8- Eddie Van Halen- His influence on guitar players in the late 1970’s and 1980’s is a testament to his brilliance. Every future shredder, including Steve Vai and Joe Satriani, owe a debt of gratitude to this Amsterdam-born virtuoso. His finger tapping technique and lightning fast solos revolutionized guitar playing in 1978 as Jimi Hendrix and Chuck Berry did earlier on. With his brother Alex on drums, Michael Anthony on bass and lead vocalist David Lee Roth on board, “Van Halen” (Originally named Mammoth) rewrote rock and roll history with their guitar driven, carnal rock and roll. From the opening strains of “Runnin’ with the Devil” to “1984’s” “Hot for Teacher,” Van Halen’s guitar is front and center driving each song along. He is undoubtedly one of the most influential and talented musicians in rock and roll history. The recent Van Halen reunion, minus Michael Anthony, is a welcome sight in arenas and stadiums, as Eddie Van Halen’s guitar wizardry still amazes audiences. He is a true original.
9- Michael Schenker- This German “Paganini of the guitar” burst onto the scene as a 17-year-old wunderkind on the “Scorpions” debut album, “Lonesome Crow.” His mature technique belied his age and his legend grew. He left the Scorpions and joined UK greats UFO after they heard him playing a sound check. His guitar playing on their “Force it’ (1975), “No Heavy Petting (1976) and “Lights Out” (1977) albums cemented his brilliance. Check out “Mother Mary,” “Let it Roll,” “Natural Thing,” and “Love to Love” from the aforementioned classic UFO albums. He later formed the Michael Schenker Group and played on The “Scorpions” 1979 release “Love Drive.” Schenker, playing a Gibson Flying V and giving audiences awe -inspiring blues based electric rock is a remarkable sight.
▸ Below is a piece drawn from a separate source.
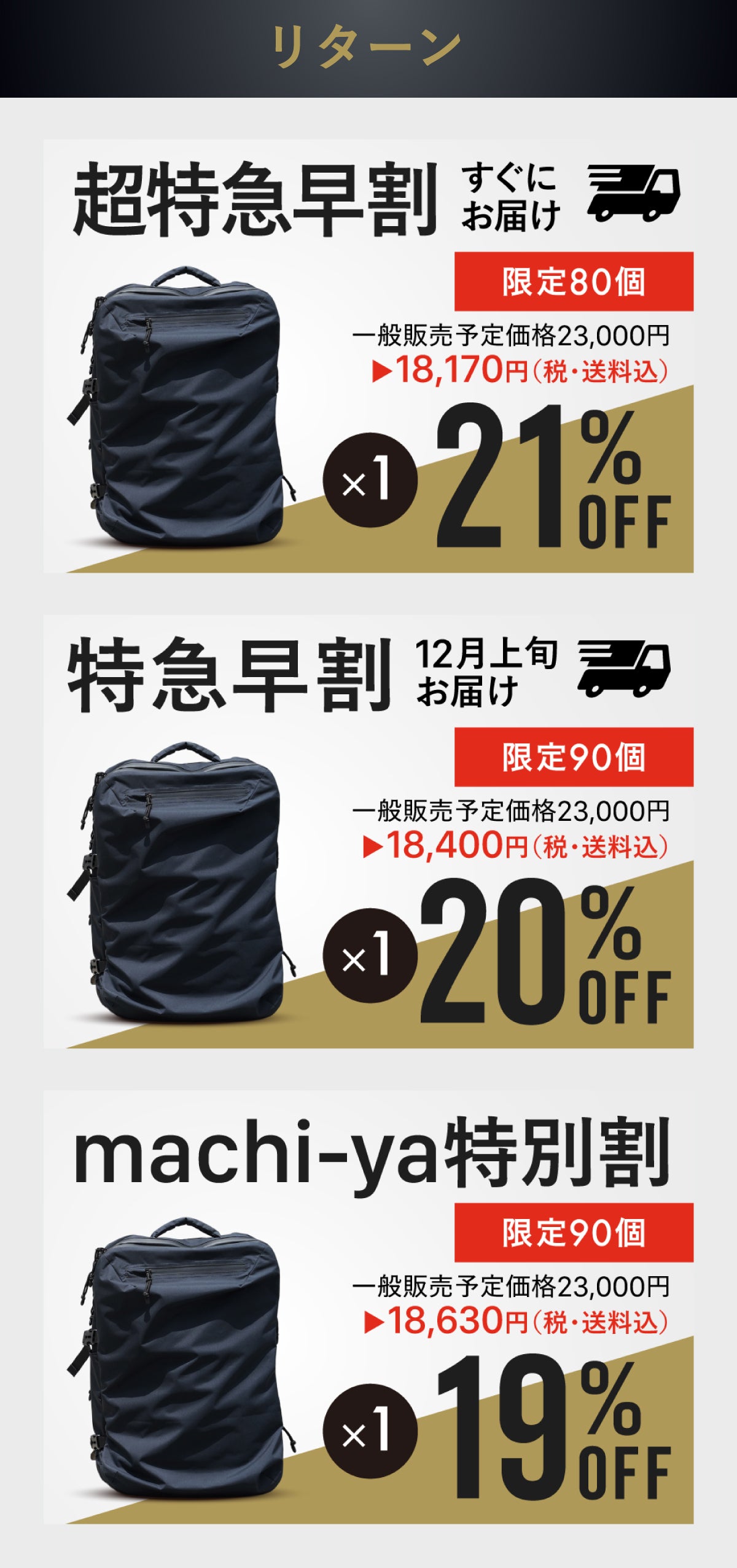 2025/12/21 19:30こんばんは。airoffプロジェクトチームです。これまで本当に多くのご支援をいただき、心より感謝申し上げます。airoffプロジェクトは、本日をもって終了、残り時間は5時間となりました。私たちが目指したのは、「特別な日に使うバッグ」ではなく、毎日の生活で、確実に役に立つバッグです。・天気を気にせず使える・季節を問わず快適・毎日持ち出してもストレスがない派手な主張はありませんが、使うほどに「これでよかった」と感じていただける設計です。プロジェクトが終了すると、この条件・この価格でご案内できる機会はいったん終了します。販売終了まで、残り5時間。ぜひこの機会をお見逃しなく。\プロジェクトはこちら/https://camp-fire.jp/projects/878614/view?openExternalBrowser=1airoff運営チーム一同 もっと見る
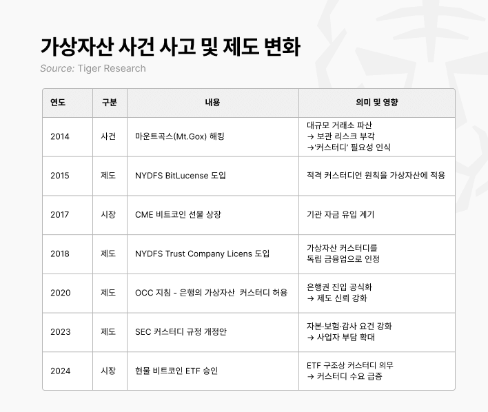 커스터디 산업은 ‘사고’에서 시작되었다. 2014년 일본 거래소인 마운트곡스 해킹 사건이 그 시작점이었다. 당시 약 85만 개의 비트코인이 유출되면서 고객들은 막대한 손실을 입었다. 이 사건은 “자산을 안전하게 보관할 제도적 장치가 없다면 시장에서 사업을 영위할 수 없다”는 인식을 업계 전반에 심어줬다.

Once you see or hear him play, you will be a convert and will wonder why he is so underrated and under appreciated.
10-Johnny Winter- This Mississippi-born, Albino, Southern-blues rock and roll guitar wonder is a forerunner to Stevie Ray Vaughn. His Delta-soaked Southern boogie and straight blues playing is fluid, speedy and full of dynamics. Winter’s slide playing is legendary (“Highway 61 Revisited” and “Leland Mississippi Blues”).He played a nine song set at Woodstock and overcame Heroin addiction which is chronicled in “Still Alive and Well” a song written by Rick Derringer. I just heard a BBC concert of his from 1978. His sixteen-minute version of “Hey Joe” rivals Jimi Hendrix’s with a slow blues section that eventually reaches a rollicking blues crescendo that does not let up. A forgotten great, Johnny Winter deserves adulation and reverence by every blues and rock guitarist.
Honorable mention- Angus Young, Brian May, Slash, Frank Marino and Duane Allman.